Source records –
•••••
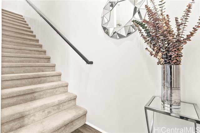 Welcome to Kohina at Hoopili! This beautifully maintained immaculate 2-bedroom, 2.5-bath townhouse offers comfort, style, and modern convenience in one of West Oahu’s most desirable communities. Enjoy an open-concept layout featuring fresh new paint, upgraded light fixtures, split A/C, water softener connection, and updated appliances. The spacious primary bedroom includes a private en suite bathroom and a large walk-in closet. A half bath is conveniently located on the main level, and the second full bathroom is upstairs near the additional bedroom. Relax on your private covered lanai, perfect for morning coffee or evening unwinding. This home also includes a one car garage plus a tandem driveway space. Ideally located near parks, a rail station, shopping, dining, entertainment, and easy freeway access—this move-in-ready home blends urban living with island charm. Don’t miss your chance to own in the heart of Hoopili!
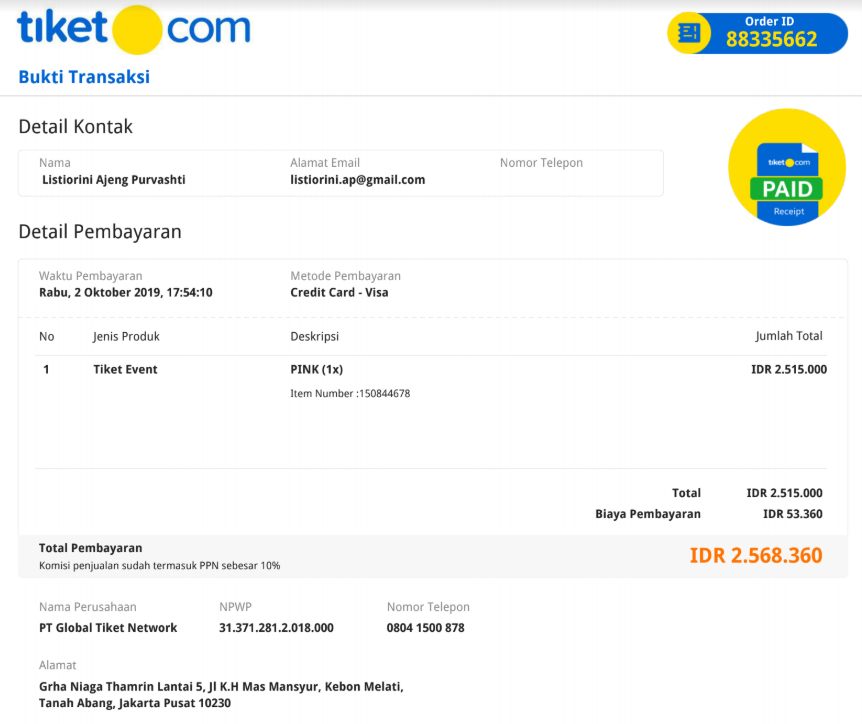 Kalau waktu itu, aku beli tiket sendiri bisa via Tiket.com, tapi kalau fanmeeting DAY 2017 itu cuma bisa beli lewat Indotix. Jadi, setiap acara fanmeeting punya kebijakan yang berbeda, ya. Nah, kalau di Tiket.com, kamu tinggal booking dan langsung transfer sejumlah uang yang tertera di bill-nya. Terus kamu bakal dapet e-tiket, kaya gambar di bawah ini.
•••••
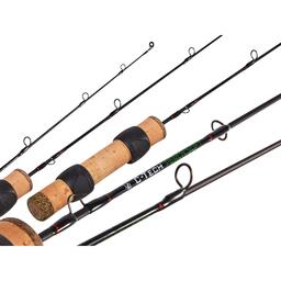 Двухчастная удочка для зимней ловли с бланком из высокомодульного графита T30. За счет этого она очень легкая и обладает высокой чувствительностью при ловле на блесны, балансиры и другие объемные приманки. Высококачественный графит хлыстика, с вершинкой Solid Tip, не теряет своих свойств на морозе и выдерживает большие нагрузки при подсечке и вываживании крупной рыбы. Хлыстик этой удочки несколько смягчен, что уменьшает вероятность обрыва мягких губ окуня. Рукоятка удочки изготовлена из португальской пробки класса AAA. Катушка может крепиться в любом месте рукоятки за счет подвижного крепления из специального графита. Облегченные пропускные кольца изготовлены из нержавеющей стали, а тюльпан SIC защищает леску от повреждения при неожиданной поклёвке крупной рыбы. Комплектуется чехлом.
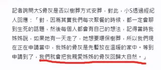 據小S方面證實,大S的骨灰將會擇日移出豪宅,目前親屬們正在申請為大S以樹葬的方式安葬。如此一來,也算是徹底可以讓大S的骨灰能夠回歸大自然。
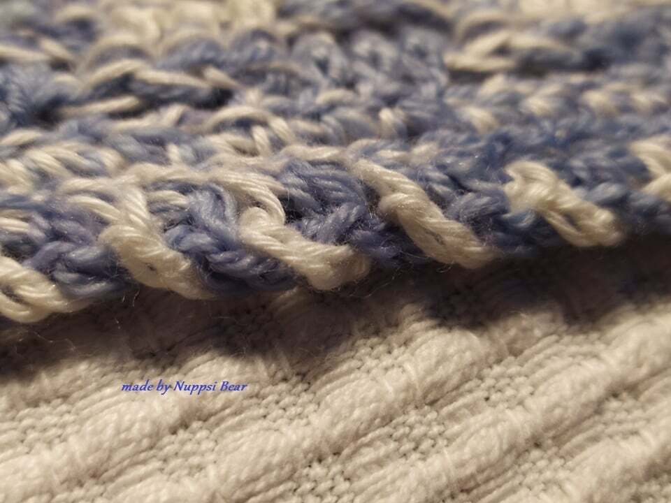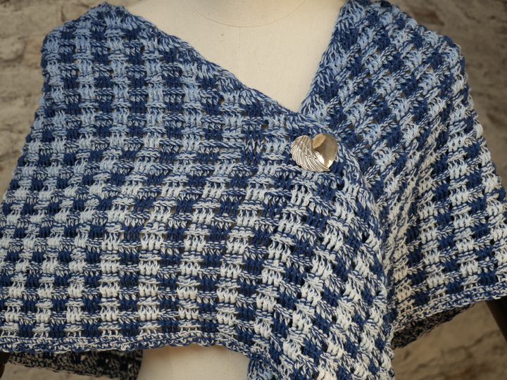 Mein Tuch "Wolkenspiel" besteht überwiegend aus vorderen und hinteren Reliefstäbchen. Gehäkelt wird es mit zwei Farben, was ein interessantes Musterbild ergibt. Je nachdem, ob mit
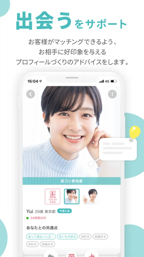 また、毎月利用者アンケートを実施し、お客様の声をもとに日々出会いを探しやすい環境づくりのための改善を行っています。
•••••
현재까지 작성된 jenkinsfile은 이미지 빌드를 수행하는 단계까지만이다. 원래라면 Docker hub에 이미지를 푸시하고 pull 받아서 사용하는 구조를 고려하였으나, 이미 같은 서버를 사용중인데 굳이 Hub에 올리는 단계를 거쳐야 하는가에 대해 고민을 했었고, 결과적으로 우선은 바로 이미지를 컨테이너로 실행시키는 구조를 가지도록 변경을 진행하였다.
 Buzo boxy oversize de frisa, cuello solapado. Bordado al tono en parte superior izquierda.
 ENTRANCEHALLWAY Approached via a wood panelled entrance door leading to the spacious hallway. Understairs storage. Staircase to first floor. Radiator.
•••••
Task goal – Reproduce the entries above exactly, but only the lines between the line holding "현재까지 작성된 jenkinsfile은" and the line holding "ENTRANCEHALLWAY Approached via", inclusive.

Response to this exercise –
현재까지 작성된 jenkinsfile은 이미지 빌드를 수행하는 단계까지만이다. 원래라면 Docker hub에 이미지를 푸시하고 pull 받아서 사용하는 구조를 고려하였으나, 이미 같은 서버를 사용중인데 굳이 Hub에 올리는 단계를 거쳐야 하는가에 대해 고민을 했었고, 결과적으로 우선은 바로 이미지를 컨테이너로 실행시키는 구조를 가지도록 변경을 진행하였다.
 Buzo boxy oversize de frisa, cuello solapado. Bordado al tono en parte superior izquierda.
 ENTRANCEHALLWAY Approached via a wood panelled entrance door leading to the spacious hallway. Understairs storage. Staircase to first floor. Radiator.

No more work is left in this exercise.